The stack, during execution, is a vector of vectors of bytes. For example, we could have a stack that consists of 3 vectors, the first being empty, the second being a single 0 byte, and the third consisting of 4 0xba bytes. We'll denote that as:

{{}, {0x00}, {0xba, 0xba, 0xba, 0xba}}

These would be serialized in the transaction input witness as {0x00, 0x01, 0x00, 0x04, 0xba, 0xba, 0xba, 0xba}. So when you're asking about 0x00, it depends on whether you're taking about the stack elements, or their serialization.
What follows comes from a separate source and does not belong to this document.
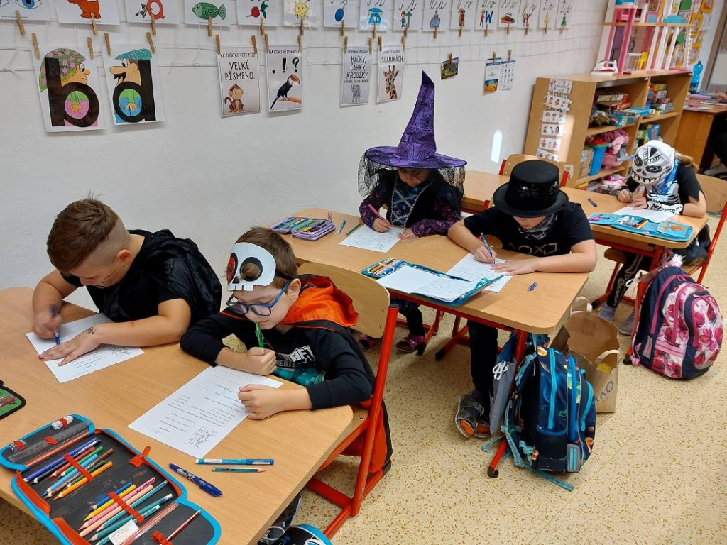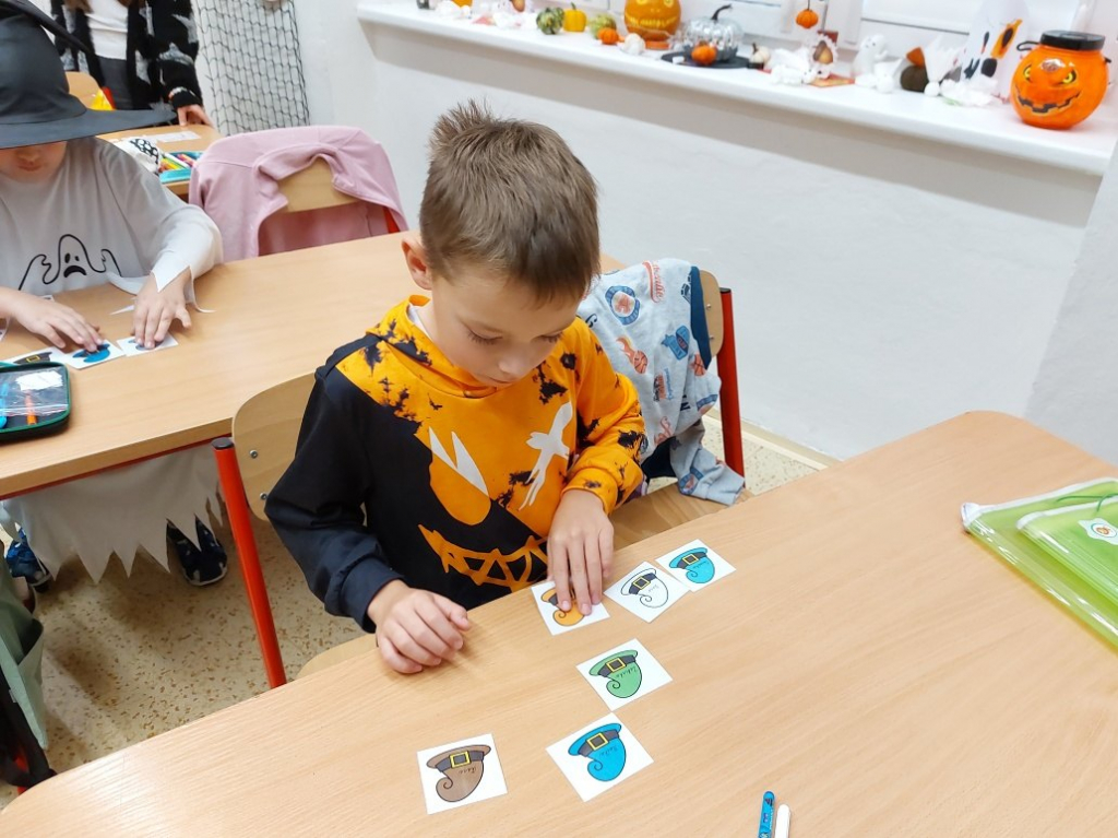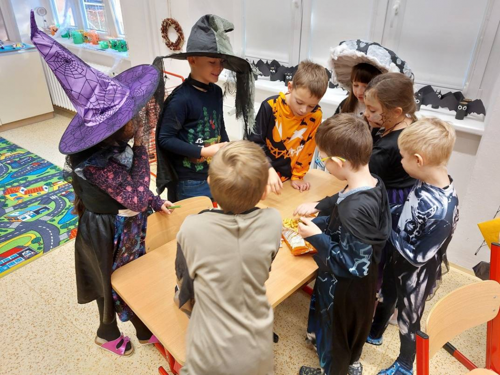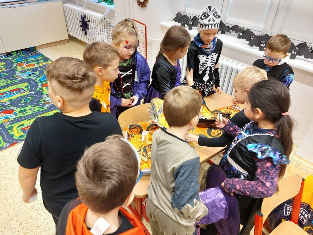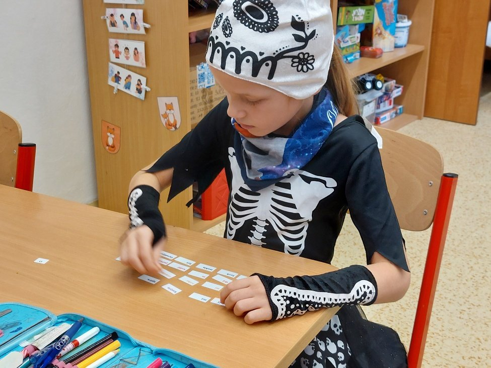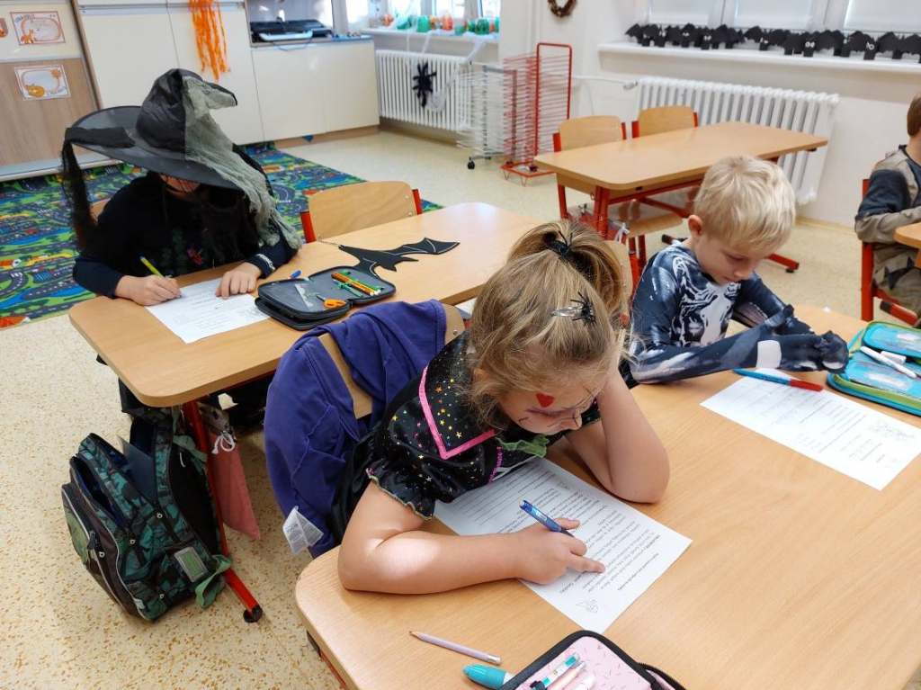 Konec října patří již tradičně svátku Halloween. Všechny aktivity jsme tedy zaměřili na toto téma. Veselou atmosféru doplňovaly i strašidelné kostýmy a masky dětí. Na závěrečné halloweenské párty nechybělo ani občerstvení a hudba.

An empty stack element is empty, length 0, no contents - but its serialization is a 0x00 byte.

Executing an OP_0 (encoded as 0x00) pushes onto the stack a empty byte vector, so starting from the previous example, we'd get:

{{}, {0x00}, {0xba, 0xba, 0xba, 0xba}, {}}

The script OP_3 (encoded as 0x53) pushes the 1-byte stack element {0x03} onto the stack:

{{}, {0x00}, {0xba, 0xba, 0xba, 0xba}, {}, {0x03}}

On the other hand, the script <0x00> (encoded itself as {0x01, 0x00} pushes the 1-byte value {0x00}:

{{}, {0x00}, {0xba, 0xba, 0xba, 0xba}, {}, {0x03}, {0x00}}

For the purpose of OP_CHECKSIG and OP_CHECKSIGADD, a signature equal to {} is special: this is the only "invalid" signature allowed. Any other signature stack element which doesn't actually verify correctly causes the script execution to abort immediately. An {} signature element simply causes a 0 (= {}) to be pushed onto the stack for OP_CHECKSIG, and no increment to occur for OP_CHECKSIGADD.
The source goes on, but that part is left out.